### Task statement
Your task is to repeat the entries word for word while leaving out the pictures.

### Data for review

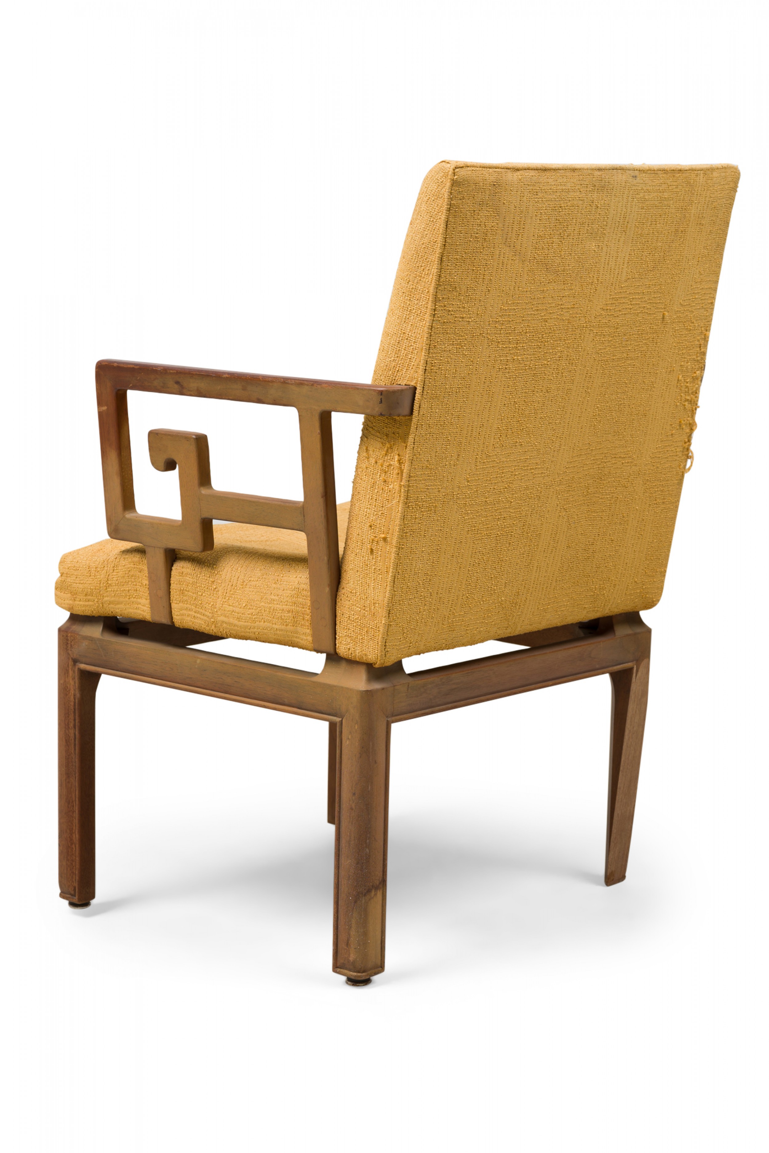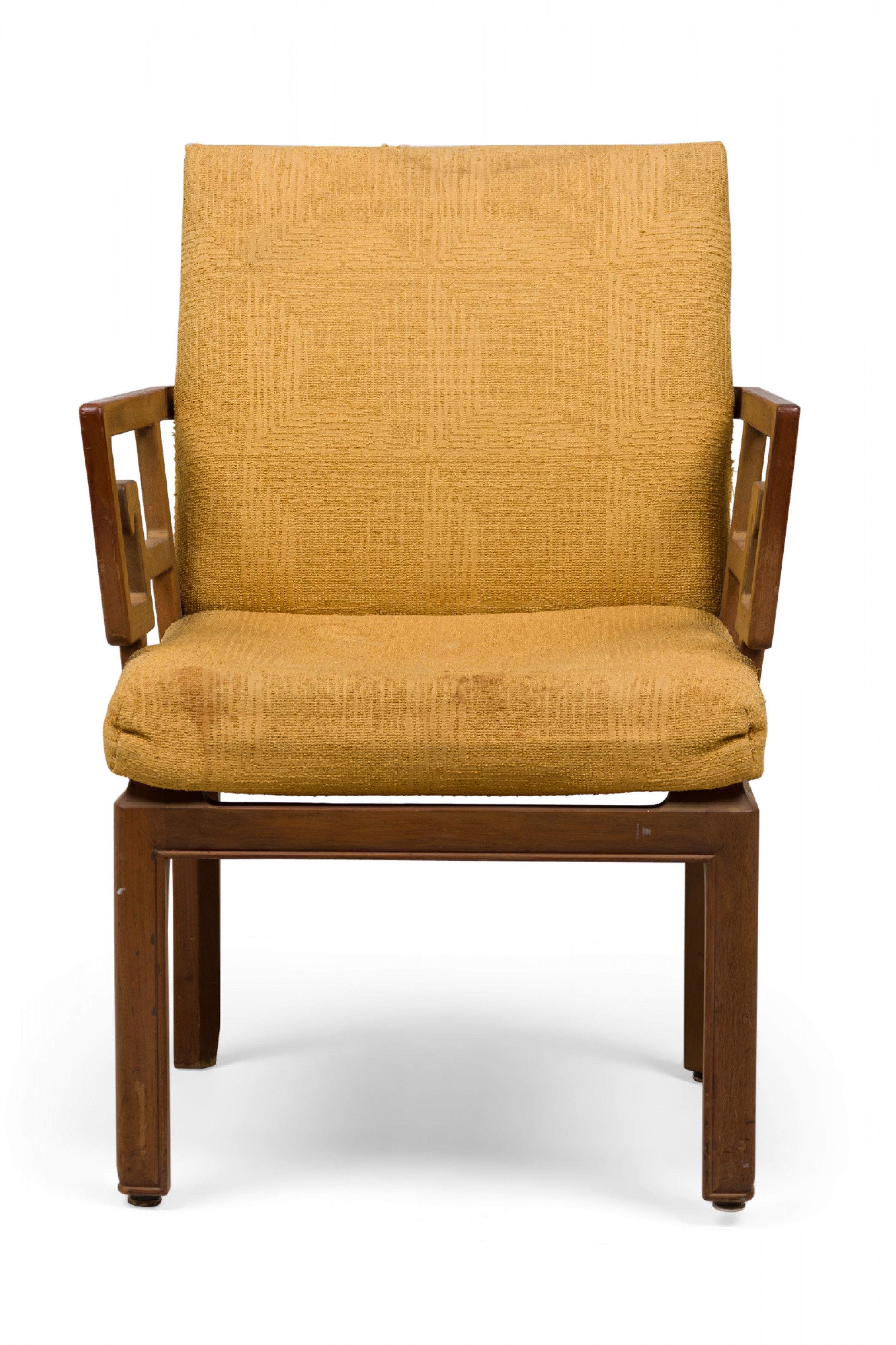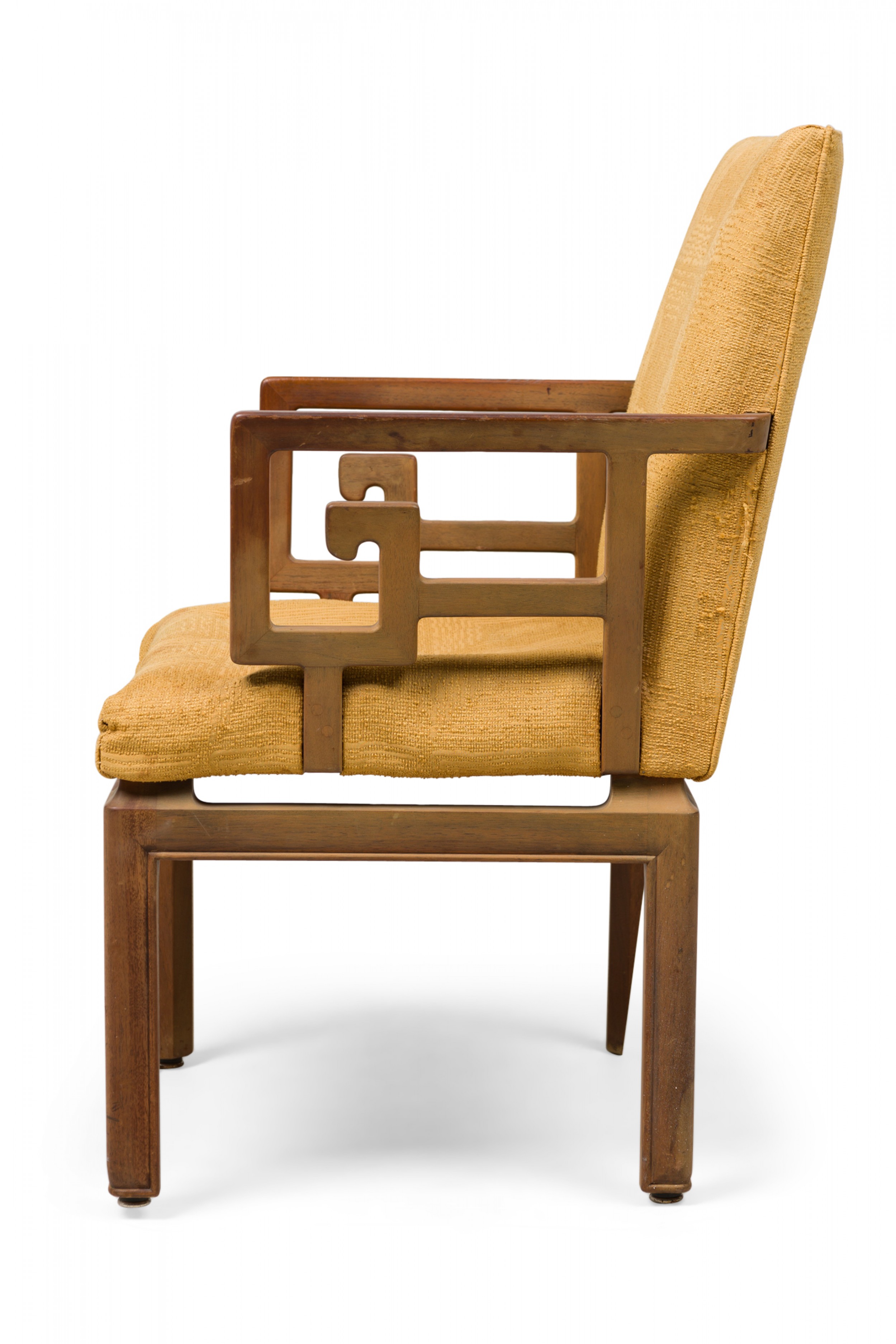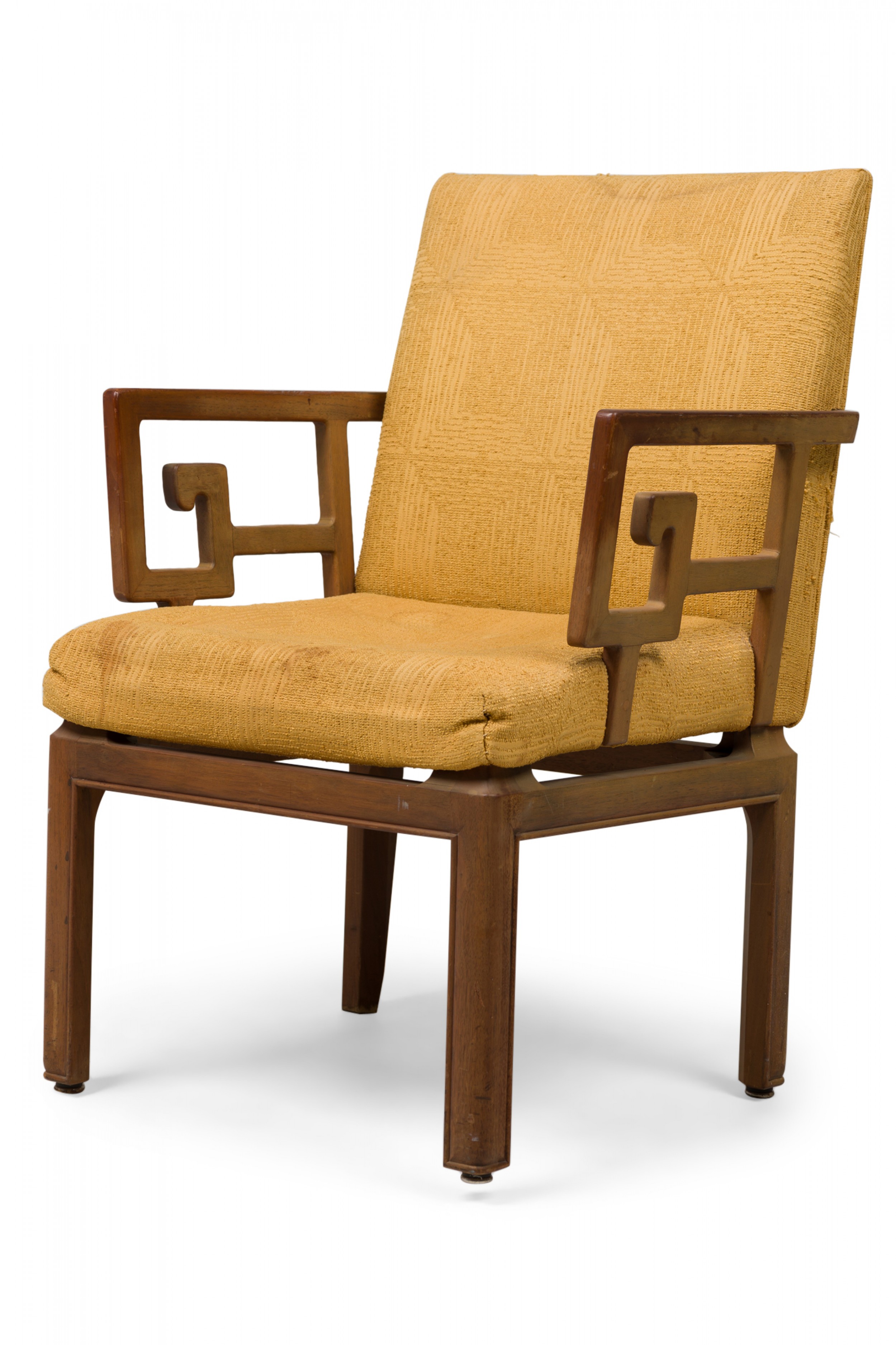 SET of 4 Mid-Century American Modern (1950s) "Far East" mahogany dining chairs (2 armchairs, 2 side chairs) featuring slightly splayed keyfret arms, the back and seat upholstered in a square-patterned textured gold fabric, standing on 4 molded legs. (MICHAEL TAYLOR FOR BAKER FURNITURE) (PRICED AS SET).
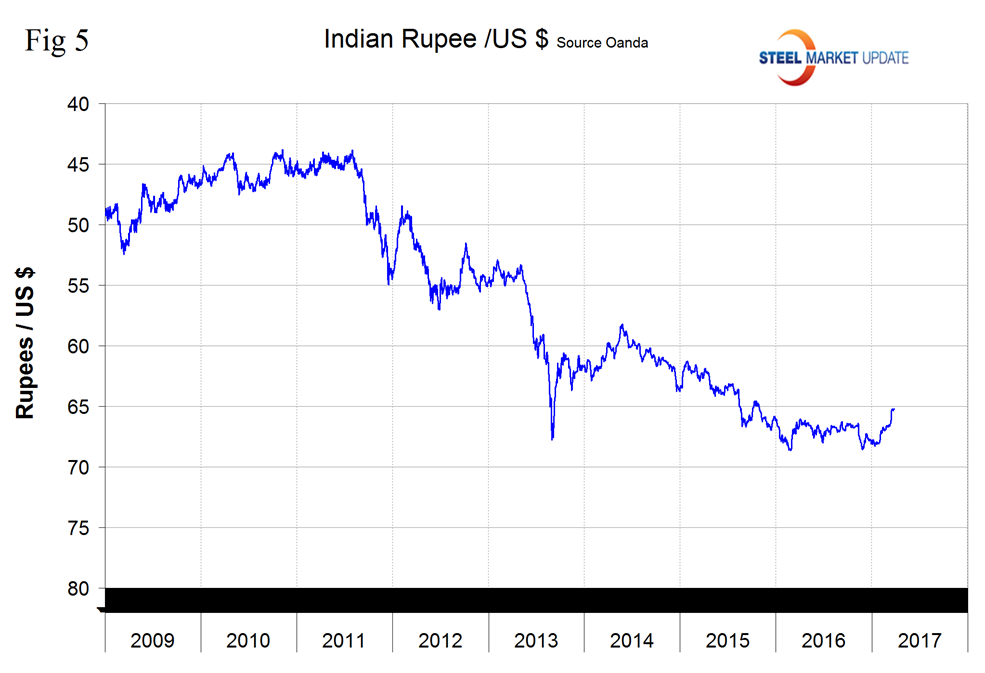 This is the first time we’ve reported on India which is an oversight because their steel production volume is approaching 100 million tonnes. On February 22nd the IMF Executive Board Concluded 2017 Article IV Consultation with India. The following is extracted from the IMF statement. Economic risks are tilted to the downside. On the external side, despite the reduced imbalances and strengthened reserve buffers, the impact from global financial market volatility could be disruptive, including from U.S. monetary policy normalization or weaker-than-expected global growth. In the absence of disruptive global financial volatility, slower growth in China, Europe and the United States would have only modest adverse spillovers to India, given weak trade linkages. A key domestic risk stems from the government’s currency exchange initiative, where the near-term adverse economic impact of accompanying cash shortages remains difficult to gauge, while it may have a positive economic impact in the medium term. Domestic risks also flow from a potential further deterioration of corporate and public bank balance sheets, as well as setbacks in the reform process, including in GST design and implementation, which could weigh on domestic demand-driven growth and undermine investor and consumer sentiment. On the upside, larger than expected gains from GST and further structural reforms could lead to significantly stronger growth: while a sustained period of continued-low global energy prices would also be very beneficial to India.
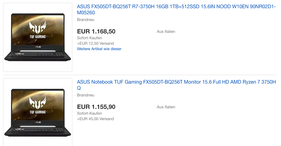 Bei Ebay variieren die Versandkosten für Bestellungen aus dem Ausland stark. So kostet das gleiche Produkt aus Italien einmal 12,50 Euro und einmal 45,00 Euro Versand. Eine Sortierung nach Preis ink. Versandkosten ist daher sinnvoll.
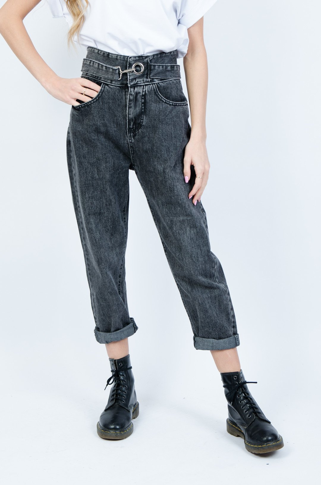 CIEMNO SZARE SPODNIE JEANSOWE TYPU BALLOON Z WYSOKIM STANEM
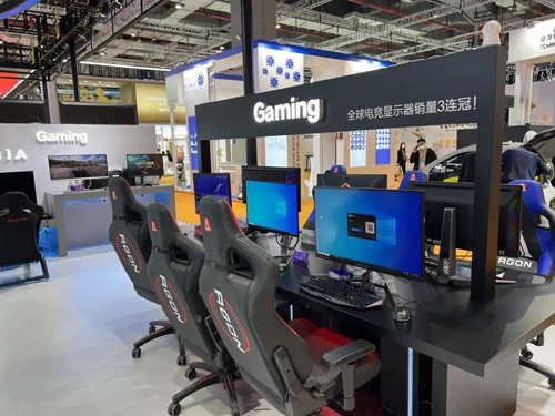 进博会现场的游戏专区中,更分类展示了专业电竞以及娱乐游戏两大应用场景。专业电竞区,保时捷设计联名款、“英雄联盟”定制机、云游戏、OLED高刷新率和4K Mini LED等电竞显示器惊艳亮相,通过超高刷新率、Mini LED等业内先进的技术及优秀的人体工学设计,为电竞玩家带来更震撼的视觉体验,助力把握瞬间战机,一击制胜!
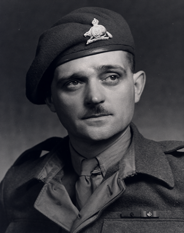 On 14th December, 1943, Captain Triquet’s company of the Royal 22e Regiment with the support of a squadron of a Canadian Armoured Regiment was given the task of crossing the gully and securing Casa Berardi. Difficulties were encountered from the outset. The gully was held in strength and on approaching it the force came under extremely heavy fire from machine guns and mortars. All the company officers and 50 per cent of the men were killed or wounded. Showing superb contempt for the enemy Captain Triquet went round reorganizing the remainder and encouraging them with the words ‘Never mind them, they can’t shoot’. Finally when enemy infiltration was observed on all sides shouting ‘There are enemy in front of us, behind us and on our flanks, there is only one safe place – that is on the objective’ he dashed forward and with his men following him, broke through the enemy resistance. In this action four tanks were destroyed and several enemy machine gun posts silenced.
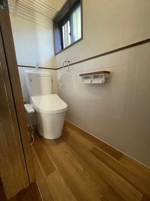 かなり雰囲気がガラっと変わりましたよね?!ポイントは、壁のタイル部分をキッチンパネルでカバーして、床をクッションフロアで上貼りした所です!キッチンパネルをホワイト系、床をフローリング調の柄にしたことで、全体的にウッドの部分が強調されて、おしゃれなデザインになりました。プラス、棚付きのペーパーホルダーもお客様の希望で、同系色を選びました。実は、トイレ入口のドアや廊下のフローリングの色に合わせて、トイレ内の木色を選んでいらっしゃいました。本当に素晴らしいセンスをお持ちです(´;ω;`)
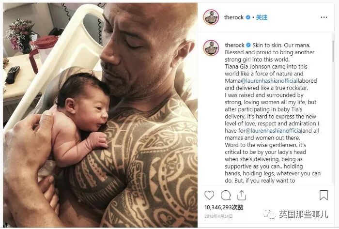 陪伴妻子分娩让强森体会到女性作为母亲的辛苦,他也在配文中对准爸爸们给出了建议,
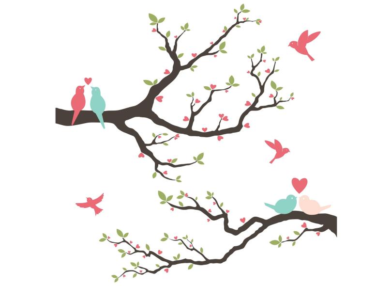 Adesivo Parede Quarto Pássaros Amor 80 x 214cm

### The answer
 SET of 4 Mid-Century American Modern (1950s) "Far East" mahogany dining chairs (2 armchairs, 2 side chairs) featuring slightly splayed keyfret arms, the back and seat upholstered in a square-patterned textured gold fabric, standing on 4 molded legs. (MICHAEL TAYLOR FOR BAKER FURNITURE) (PRICED AS SET).
 This is the first time we’ve reported on India which is an oversight because their steel production volume is approaching 100 million tonnes. On February 22nd the IMF Executive Board Concluded 2017 Article IV Consultation with India. The following is extracted from the IMF statement. Economic risks are tilted to the downside. On the external side, despite the reduced imbalances and strengthened reserve buffers, the impact from global financial market volatility could be disruptive, including from U.S. monetary policy normalization or weaker-than-expected global growth. In the absence of disruptive global financial volatility, slower growth in China, Europe and the United States would have only modest adverse spillovers to India, given weak trade linkages. A key domestic risk stems from the government’s currency exchange initiative, where the near-term adverse economic impact of accompanying cash shortages remains difficult to gauge, while it may have a positive economic impact in the medium term. Domestic risks also flow from a potential further deterioration of corporate and public bank balance sheets, as well as setbacks in the reform process, including in GST design and implementation, which could weigh on domestic demand-driven growth and undermine investor and consumer sentiment. On the upside, larger than expected gains from GST and further structural reforms could lead to significantly stronger growth: while a sustained period of continued-low global energy prices would also be very beneficial to India.
 Bei Ebay variieren die Versandkosten für Bestellungen aus dem Ausland stark. So kostet das gleiche Produkt aus Italien einmal 12,50 Euro und einmal 45,00 Euro Versand. Eine Sortierung nach Preis ink. Versandkosten ist daher sinnvoll.
 CIEMNO SZARE SPODNIE JEANSOWE TYPU BALLOON Z WYSOKIM STANEM
 进博会现场的游戏专区中,更分类展示了专业电竞以及娱乐游戏两大应用场景。专业电竞区,保时捷设计联名款、“英雄联盟”定制机、云游戏、OLED高刷新率和4K Mini LED等电竞显示器惊艳亮相,通过超高刷新率、Mini LED等业内先进的技术及优秀的人体工学设计,为电竞玩家带来更震撼的视觉体验,助力把握瞬间战机,一击制胜!
 On 14th December, 1943, Captain Triquet’s company of the Royal 22e Regiment with the support of a squadron of a Canadian Armoured Regiment was given the task of crossing the gully and securing Casa Berardi. Difficulties were encountered from the outset. The gully was held in strength and on approaching it the force came under extremely heavy fire from machine guns and mortars. All the company officers and 50 per cent of the men were killed or wounded. Showing superb contempt for the enemy Captain Triquet went round reorganizing the remainder and encouraging them with the words ‘Never mind them, they can’t shoot’. Finally when enemy infiltration was observed on all sides shouting ‘There are enemy in front of us, behind us and on our flanks, there is only one safe place – that is on the objective’ he dashed forward and with his men following him, broke through the enemy resistance. In this action four tanks were destroyed and several enemy machine gun posts silenced.
 かなり雰囲気がガラっと変わりましたよね?!ポイントは、壁のタイル部分をキッチンパネルでカバーして、床をクッションフロアで上貼りした所です!キッチンパネルをホワイト系、床をフローリング調の柄にしたことで、全体的にウッドの部分が強調されて、おしゃれなデザインになりました。プラス、棚付きのペーパーホルダーもお客様の希望で、同系色を選びました。実は、トイレ入口のドアや廊下のフローリングの色に合わせて、トイレ内の木色を選んでいらっしゃいました。本当に素晴らしいセンスをお持ちです(´;ω;`)
 陪伴妻子分娩让强森体会到女性作为母亲的辛苦,他也在配文中对准爸爸们给出了建议,
 Adesivo Parede Quarto Pássaros Amor 80 x 214cm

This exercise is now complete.